(SOURCE DATA)

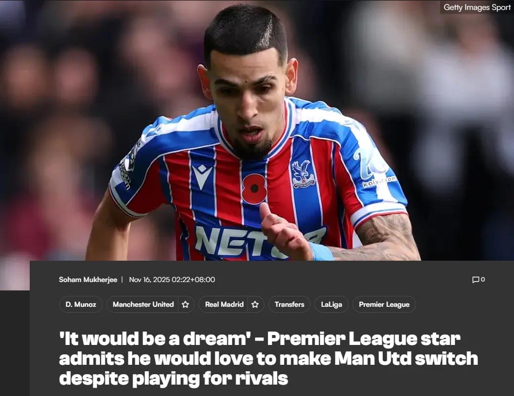 水晶宫球星丹尼尔-穆尼奥斯接受哥伦比亚阿斯报采访时承认,他希望加盟曼联等豪门,这名29岁的边后卫已经引起了巴萨、巴黎等俱乐部的兴趣。
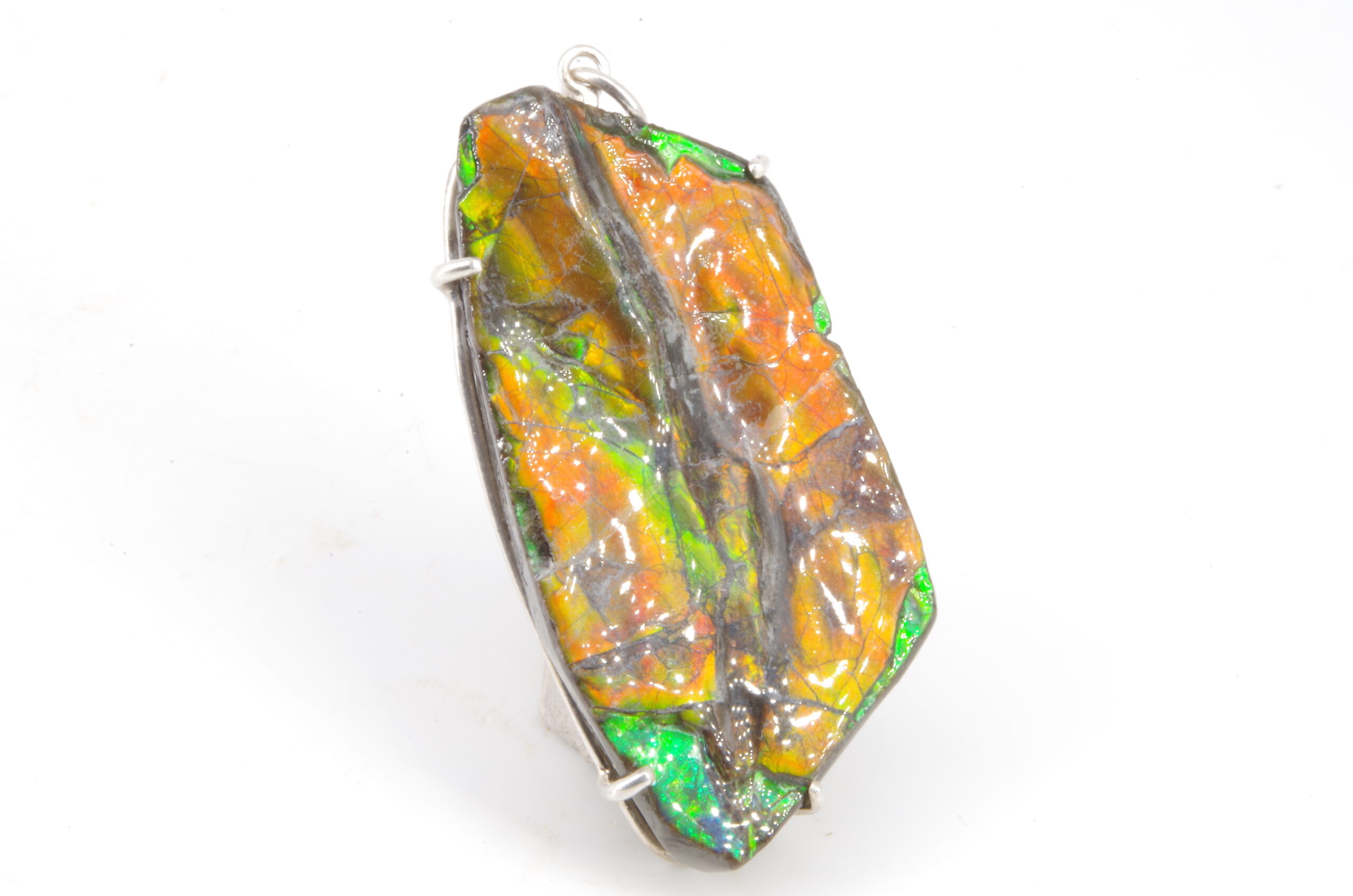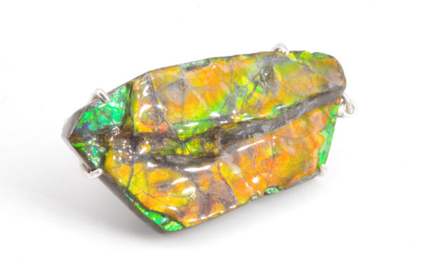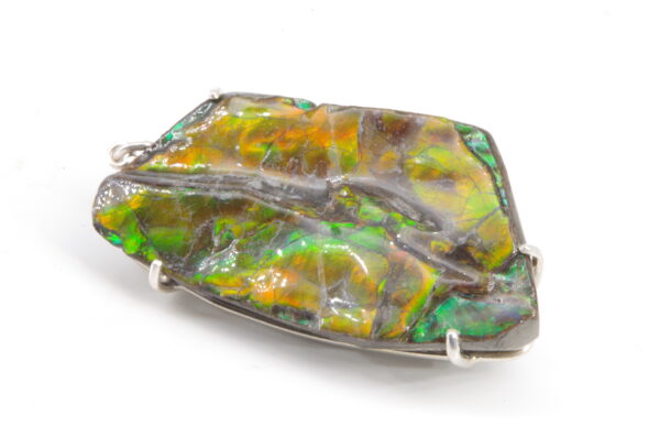 Jolie Ammolite authentique du Canada stabilisée avec une résine époxy serti avec de l’Argent. Réalisation sur mesure par un artisan bijoutier offrant une épouse parfaite de la pièce sans recours au perçage pour une durabilité sans faille et une parfaite préservation du spécimen.
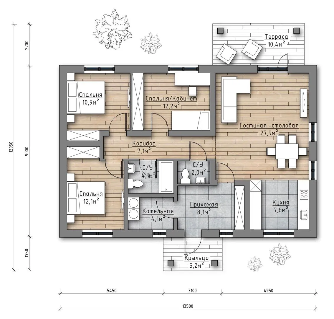 Одноэтажный семейный дом Аист-1 (3 спальни)
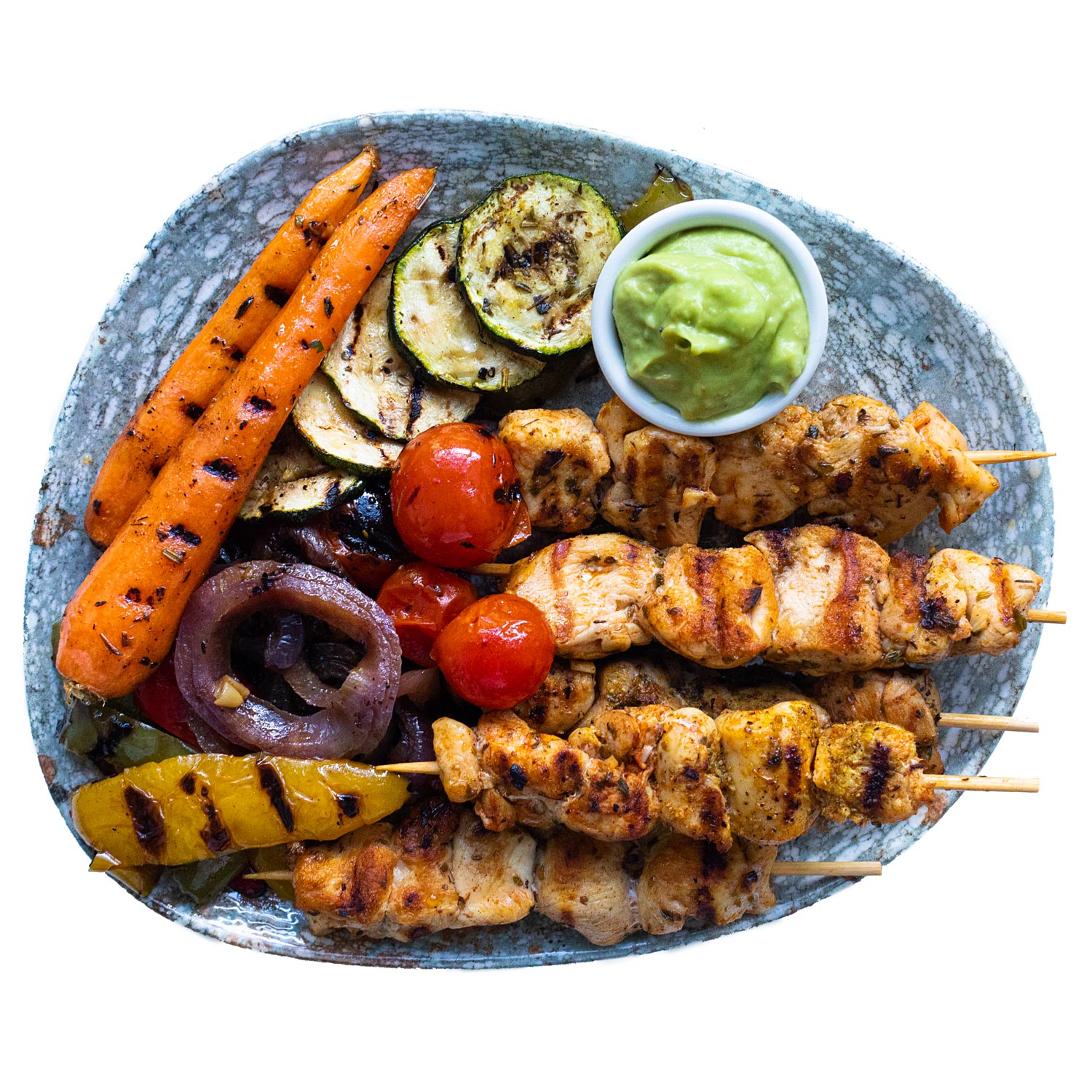 Salsea las brochetas con el alioli y acompaña con la parrillada. Sirve.
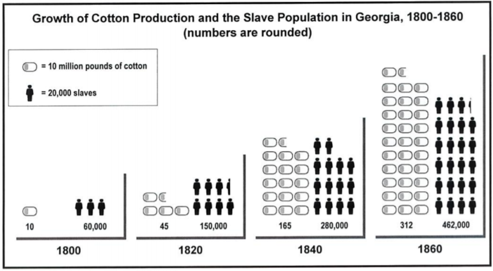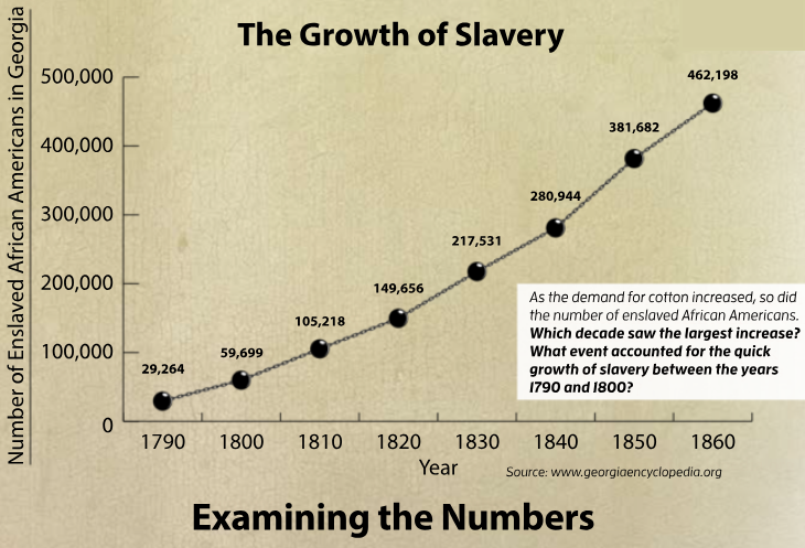Planters did not have enough workers to plant and pick cotton fast enough. The demand for cotton had created a demand for farm labor. To keep their costs down and their profits up, planters used the unpaid labor of enslaved Africans. They saw this as key to maximizing their profits. As the cotton fields expanded, so did the enslaved population. By 1860, enslaved Africans comprised 44 percent of Georgia’s population. The total number that year was more than any other state in the lower South.
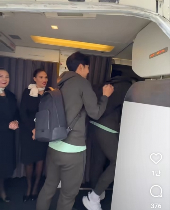 '캡틴' 손흥민(32·토트넘)이 활짝 웃는 얼굴로 원정 비행기에 몸을 실었다.
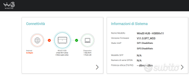 Vendo in blocco kit originale WindTre perfettamente funzionante e già resettato per passaggio ad altro operatore. Ideale come ricambio o per chi cerca una soluzione affidabile per fibra fissa e navigazione mobile. Il kit comprende: 1 - Modem Router ZTE ZXHN H389X con standard trasmissione WI-Fi 6 (Wind3 HUB): Versione Firmware V11 (come visibile nella quinta foto). Top di gamma con Wi-Fi dual band (2.4G e 5G). Usato circa 2 anni e mezzo, tenuto benissimo. 2 - WebPocket 4G LTE (ZTE MF927U): Nuovo Modem portatile Wi-Fi, acceso solo per test e reset. Batteria integra. ( Nota sulla sesta foto: la spia rossa sul WebPocket indica solo l'assenza della SIM durante il test, il dispositivo è perfettamente funzionante). 3 - Accessori: Scatola originale di entrambi i modem, alimentatore e cavi originali inclusi. Stato tecnico e Privacy: - Nota sulla compatibilità: I dispositivi sono stati utilizzati esclusivamente con rete WindTre. Essendo stati resettati alle impostazioni di fabbrica, la configurazione per altri operatori (sblocco/APN) è a carico dell'acquirente. Vendo con formula 'visto e piaciuto' - Console di gestione accessibile e pronta alla configurazione (come visibile nella quinta foto). - Password originali presenti sulle etichette (oscurate come nella terza e quarta foto per privacy). Prezzo: 40 € (kit completo) non trattabili Consegna: SOLO SPEDIZIONE tramite TuttoSubito (gestione sicura e tracciata). Non effettuo consegne a mano per motivi di lavoro.
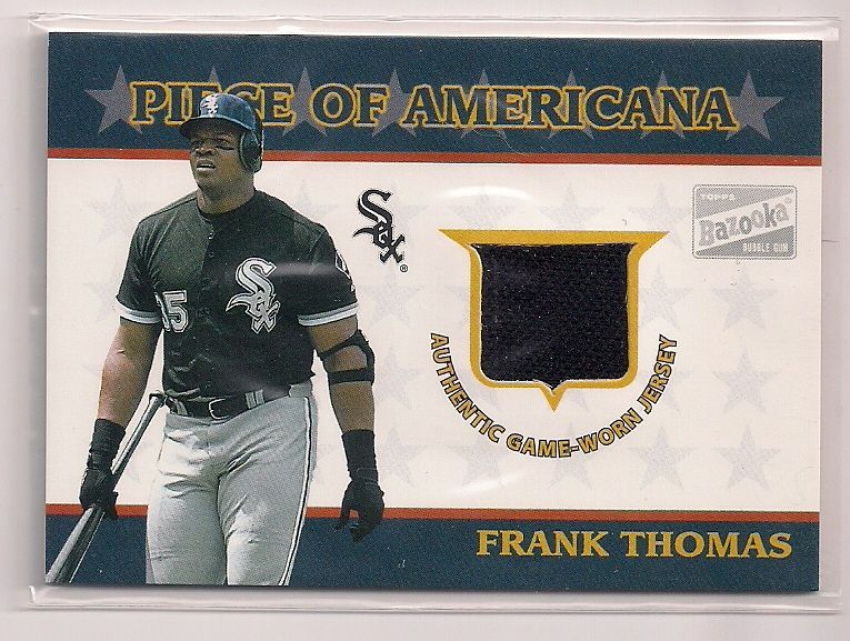 2003 Bazooka Frank Thomas Game-Worn Jersey Insert Card. This Insert of the Big Hurt features a Solid Black piece of Game-Worn Jersey, and is Near Mint.

(End SOURCE DATA)

# WORK TO BE COMPLETED
Retype every entry exactly as written. Leave the pictures out.

# EXERCISE ANSWER
 水晶宫球星丹尼尔-穆尼奥斯接受哥伦比亚阿斯报采访时承认,他希望加盟曼联等豪门,这名29岁的边后卫已经引起了巴萨、巴黎等俱乐部的兴趣。
 Jolie Ammolite authentique du Canada stabilisée avec une résine époxy serti avec de l’Argent. Réalisation sur mesure par un artisan bijoutier offrant une épouse parfaite de la pièce sans recours au perçage pour une durabilité sans faille et une parfaite préservation du spécimen.
 Одноэтажный семейный дом Аист-1 (3 спальни)
 Salsea las brochetas con el alioli y acompaña con la parrillada. Sirve.
Planters did not have enough workers to plant and pick cotton fast enough. The demand for cotton had created a demand for farm labor. To keep their costs down and their profits up, planters used the unpaid labor of enslaved Africans. They saw this as key to maximizing their profits. As the cotton fields expanded, so did the enslaved population. By 1860, enslaved Africans comprised 44 percent of Georgia’s population. The total number that year was more than any other state in the lower South.
 '캡틴' 손흥민(32·토트넘)이 활짝 웃는 얼굴로 원정 비행기에 몸을 실었다.
 Vendo in blocco kit originale WindTre perfettamente funzionante e già resettato per passaggio ad altro operatore. Ideale come ricambio o per chi cerca una soluzione affidabile per fibra fissa e navigazione mobile. Il kit comprende: 1 - Modem Router ZTE ZXHN H389X con standard trasmissione WI-Fi 6 (Wind3 HUB): Versione Firmware V11 (come visibile nella quinta foto). Top di gamma con Wi-Fi dual band (2.4G e 5G). Usato circa 2 anni e mezzo, tenuto benissimo. 2 - WebPocket 4G LTE (ZTE MF927U): Nuovo Modem portatile Wi-Fi, acceso solo per test e reset. Batteria integra. ( Nota sulla sesta foto: la spia rossa sul WebPocket indica solo l'assenza della SIM durante il test, il dispositivo è perfettamente funzionante). 3 - Accessori: Scatola originale di entrambi i modem, alimentatore e cavi originali inclusi. Stato tecnico e Privacy: - Nota sulla compatibilità: I dispositivi sono stati utilizzati esclusivamente con rete WindTre. Essendo stati resettati alle impostazioni di fabbrica, la configurazione per altri operatori (sblocco/APN) è a carico dell'acquirente. Vendo con formula 'visto e piaciuto' - Console di gestione accessibile e pronta alla configurazione (come visibile nella quinta foto). - Password originali presenti sulle etichette (oscurate come nella terza e quarta foto per privacy). Prezzo: 40 € (kit completo) non trattabili Consegna: SOLO SPEDIZIONE tramite TuttoSubito (gestione sicura e tracciata). Non effettuo consegne a mano per motivi di lavoro.
 2003 Bazooka Frank Thomas Game-Worn Jersey Insert Card. This Insert of the Big Hurt features a Solid Black piece of Game-Worn Jersey, and is Near Mint.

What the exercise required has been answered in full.